Automobile and Domestic Consumption in China
Amidst the US-China trade war, ongoing for more than 18 months, there have been many speculations on the impact of US tariffs on our domestic economy. According to the NY Times, “The United States has now collected more than $39 billion from the tariffs placed on $360 billion worth of Chinese goods,'' which are costs imposing on our consumers. On the other hand, the trade war is also creating an atmosphere of uncertainty that is causing many families to rein in spending. In an analysis by the South China Morning Post, this is a phenomenon where consumers are purchasing more oyster sauce, a cooking essential, while forgoing luxuries such as wine.
In a time where the Chinese export is challenged by US tariffs, it appears logical that the government will seek to strengthen its economy through growing the domestic consumption sector. Indeed, the trends from previous years have shown that overall, Chinese spending contributes to around 60% of increases in GDP. This means that the decrease in consumer confidence due to the trade war can indirectly harm China's economic prospects.

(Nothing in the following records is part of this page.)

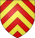 Blasonierung: „Vorn in Gold eine ausgerissene grüne Esche, hinten in Blau besamt von goldenen Lillienblumen ein steigender goldener Löwe.“ |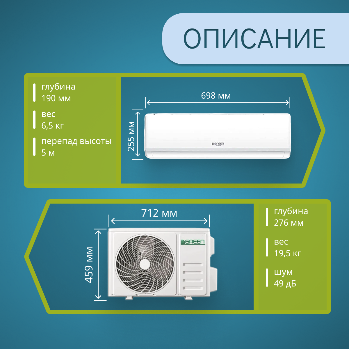 Настенная сплит-система / кондиционер / комплект GREEN TSI/TSO-09 HRSY2 кондиционер для помещения до 25 кв. м белый интересное: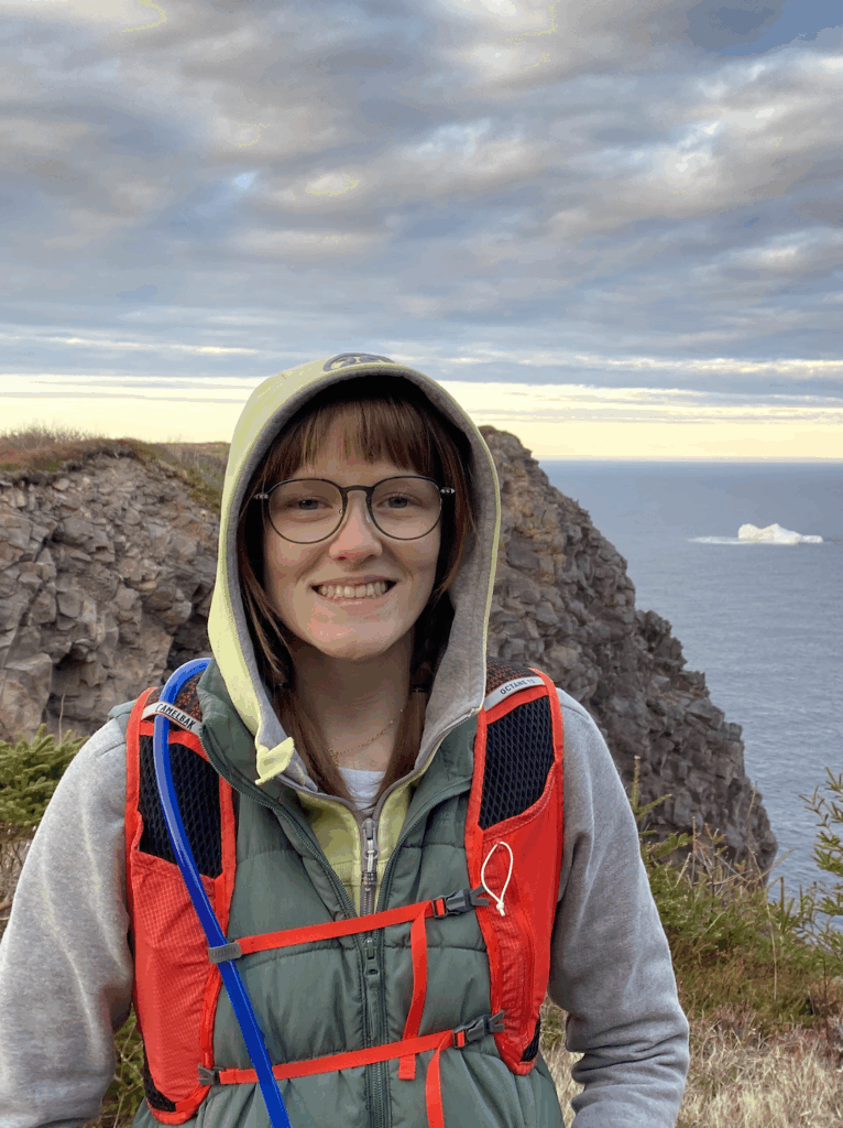 (settler) Hello, I’m Lana. I’m a settler from the traditional unceded and unsurrendered territory of the Anishinabe Algonquin Nation. I’ve moved to the ancestral homelands of the Beothuk and the Mi’kmaq, the island of Newfoundland, to do my Master’s at CLEAR. I’m working on the Nunatsiavut plastic pollution monitoring project. I’m checking if there is plastic in the ice near Nain, and am researching anticolonial data visualization.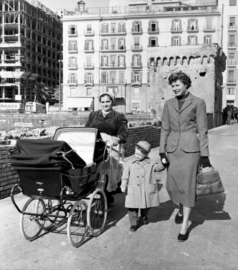 Ingrid Bergman is seen carrying a Gucci bag around Naples.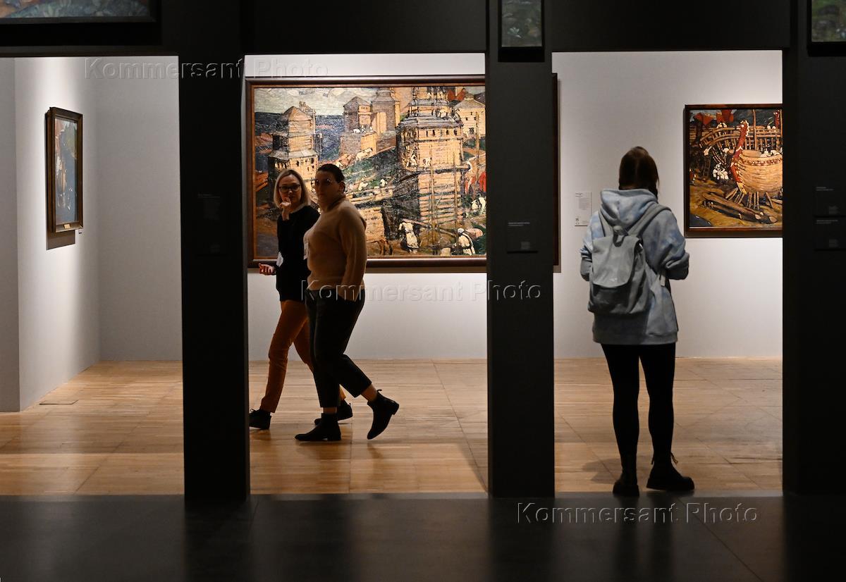 Выставка "Николай Рерих" в Государственной Третьяковской галерее на Крымском валу. Посетители на выставке.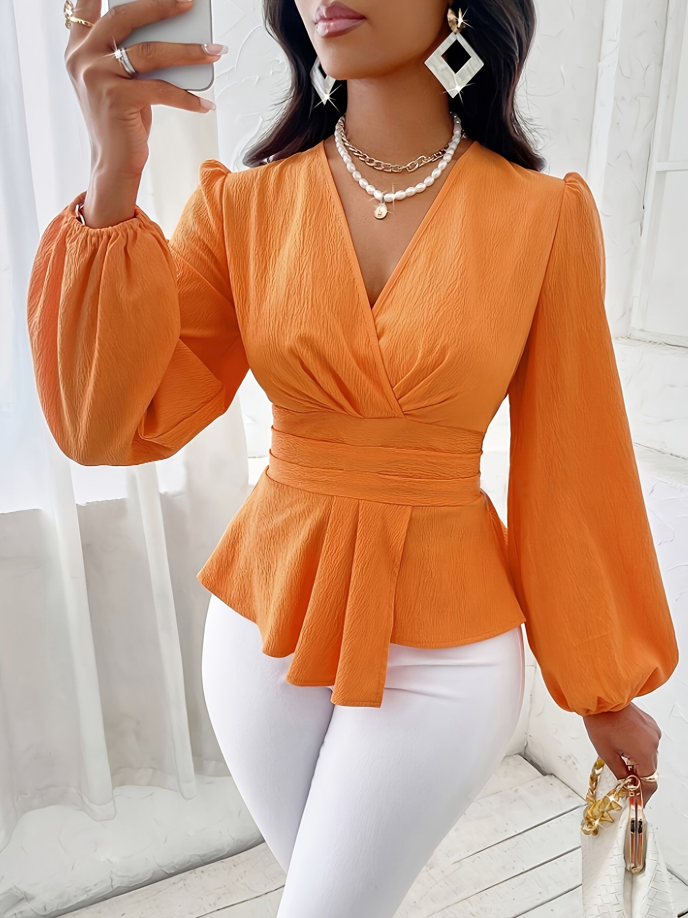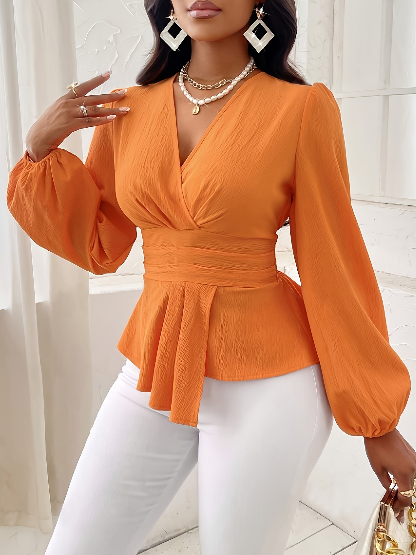 Chemise élégante de voyage, couleur unie, plissée, ourlet asymétrique, manches longues, col en V, blouse à manches lanternes tendance et polyvalente pour femmes, idéale pour le printemps et l'automne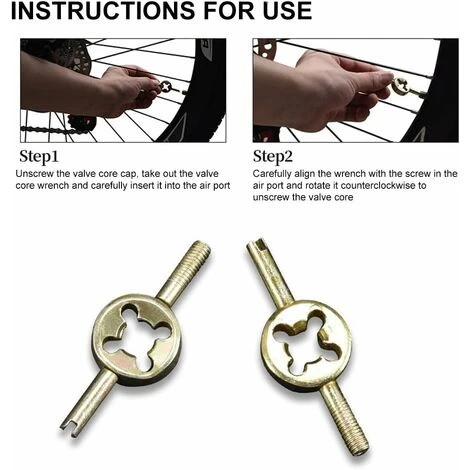 【Ce que vous obtiendrez】2 clé démonte-roue , 1. Ajustez l’étanchéité de l’obus de valve de la valve 2. Lors de la réparation du pneu, dévissez l’obus de valve pour laisser sortir l’air de la chambre à air, afin qu’il soit plus facile de retirer le pneu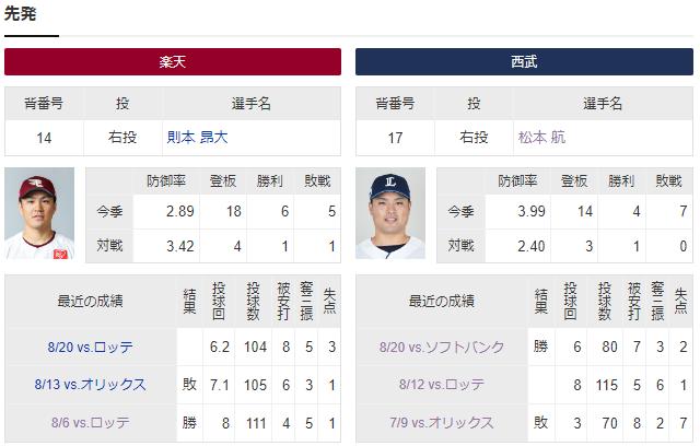 【試合実況】西武スタメン 先発:松本航(2023.8.29)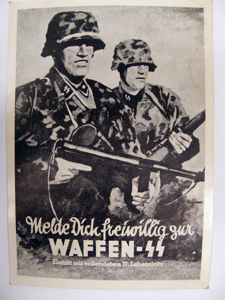 142PC1 - Rare Waffen SS Ottomar Anton postcard. This postcard features two advancing Waffen SS men and is rarely seen in full poster size. $ 325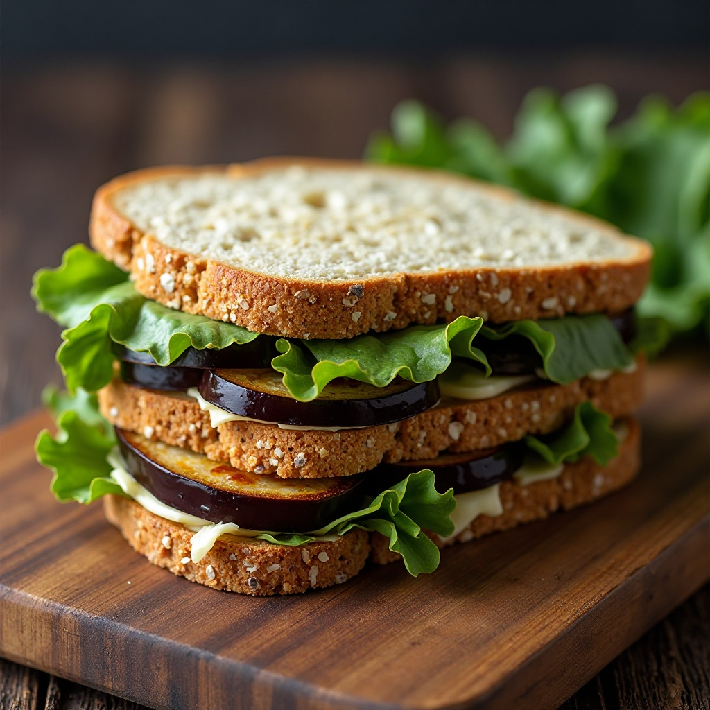 El Queso Adygea es bajo en grasa, lo que lo convierte en una opción saludable para incluir en dietas conscientes. Las berenjenas son ricas en antioxidantes y fibra, contribuyendo a un sándwich equilibrado desde el punto de vista nutricional. El pan integral y las hojas de lechuga añaden complejidad nutricional y textura al sándwich.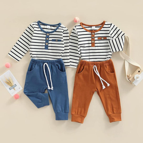 Autumn Unisex Baby Stripe Top + Pants Set Wholesale Baby Clothes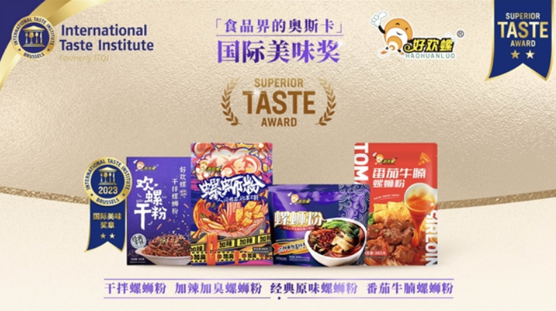 近年来,好欢螺不断推陈出新,以创新之力续写中华美食传奇。陆续研发出的多款创新口味,充分展现了好欢螺在传承中创新、在创新中发展的理念。其中四大明星产品(经典原味螺蛳粉、加辣加臭螺蛳粉、番茄牛腩螺蛳粉、干拌螺蛳粉)全部斩获 “食品界的奥斯卡”—— 国际美味奖,这是国际顶级专业美食评委对中华美食的高度赞誉。2024年,好欢螺从4000+全球参奖案例中脱颖而出,获得有 “食品界诺贝尔” 之称的 “iSEE全球食品创新奖” 年度最具价值创新品牌,主销产品更是荣获福布斯中国2024大消费年度影响力产品。这些荣誉,是好欢螺实力的象征,更是中华美食文化在国际舞台上绽放光彩的生动体现。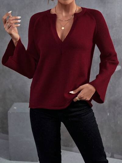 Notched Neckline Flare Sleeve Knit Pullover Fall Winter Sweater-60%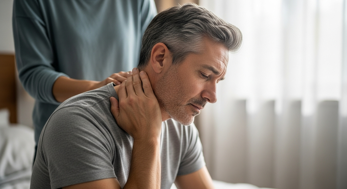 Добрый вечер, дорогие друзья! Сегодня мы поговорим о головных болях, головокружениях, ухудшении зрения и даже о такой неприятности, как «поехавшая» вперёд шея. Все эти проблемы могут быть связаны с одной очень важной мышцей. Давайте для наглядности представим двух людей. Первый — со здоровой, симметричной шеей. А вот у второго есть проблемы: одна сторона мышц слабая и растянутая, а другая, наоборот, укорочена и напряжена. Такое положение шеи неизбежно ведёт к проблемам со здоровьем, и сегодня я покажу вам, как это исправить. Речь пойдёт о грудино-ключично-сосцевидной мышце (ГКСМ). Это та самая мышца, которая видна на шее при повороте головы. Её главная функция — поворачивать и наклонять голову. Но самое интересное, что она напрямую влияет на кровоснабжение нашего мозга, а также на зрение и слух. Если эта мышца слабеет или спазмируется с одной стороны, то меняется положение головы. Челюсть перекашивается, меняется прикус, а за этим следуют головные боли, проблемы со зрением и слухом. Чт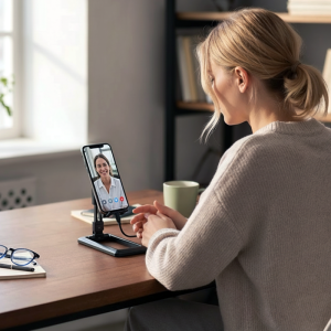 Honestamente, este suporte de celular salvou meu pescoço durante longas sessões de estudo. Adoro como é fácil ajustar e dobrar quando termino.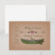 Um casamento salvou a data com a ilustração de um coração entre duas setas sobre a ilustração de uma canoa verde. Personalize o texto.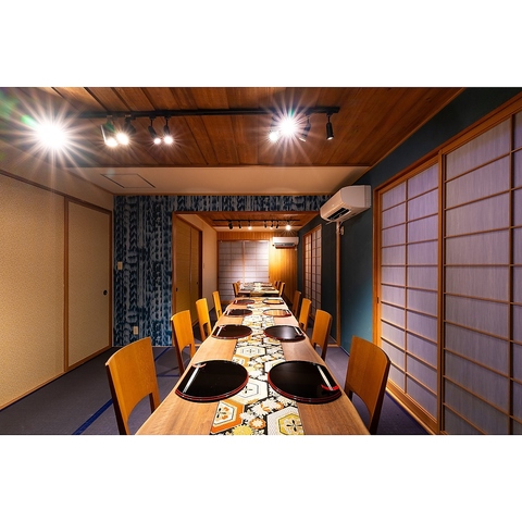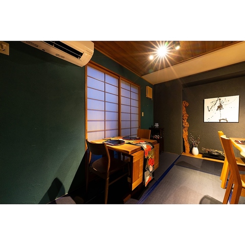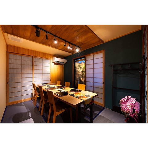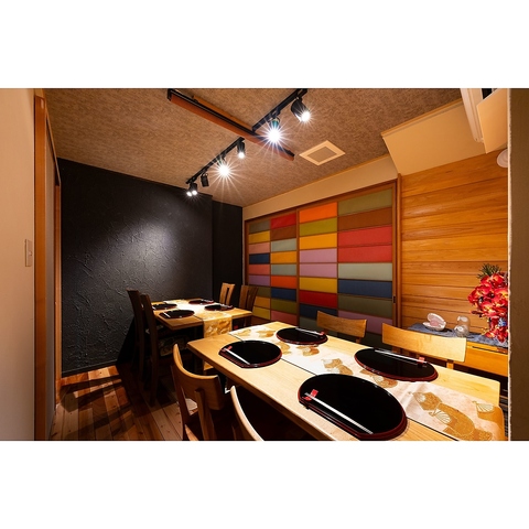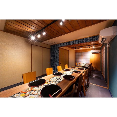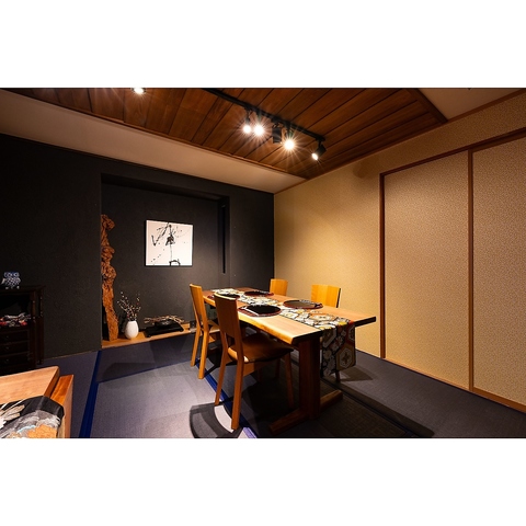 落ち着いた和モダン空間で、大切な方と過ごす特別なひととき。記念日やデートにも最適な、ゆったりとしたお席をご用意しております。

For many years, owning a car in China is a sign of upward mobility and can even be considered a necessity for some families. Despite historically upwards trend in car sales, recently, even the automotive industry is experiencing fewer buyers. During the month of October 2019, there was a total of 2.46 million vehicles sold, representing a 3.6% year-over-year decline. While the US-China trade war does impose a culture of spending less, there are other factors that can explain the decline in automobile purchases.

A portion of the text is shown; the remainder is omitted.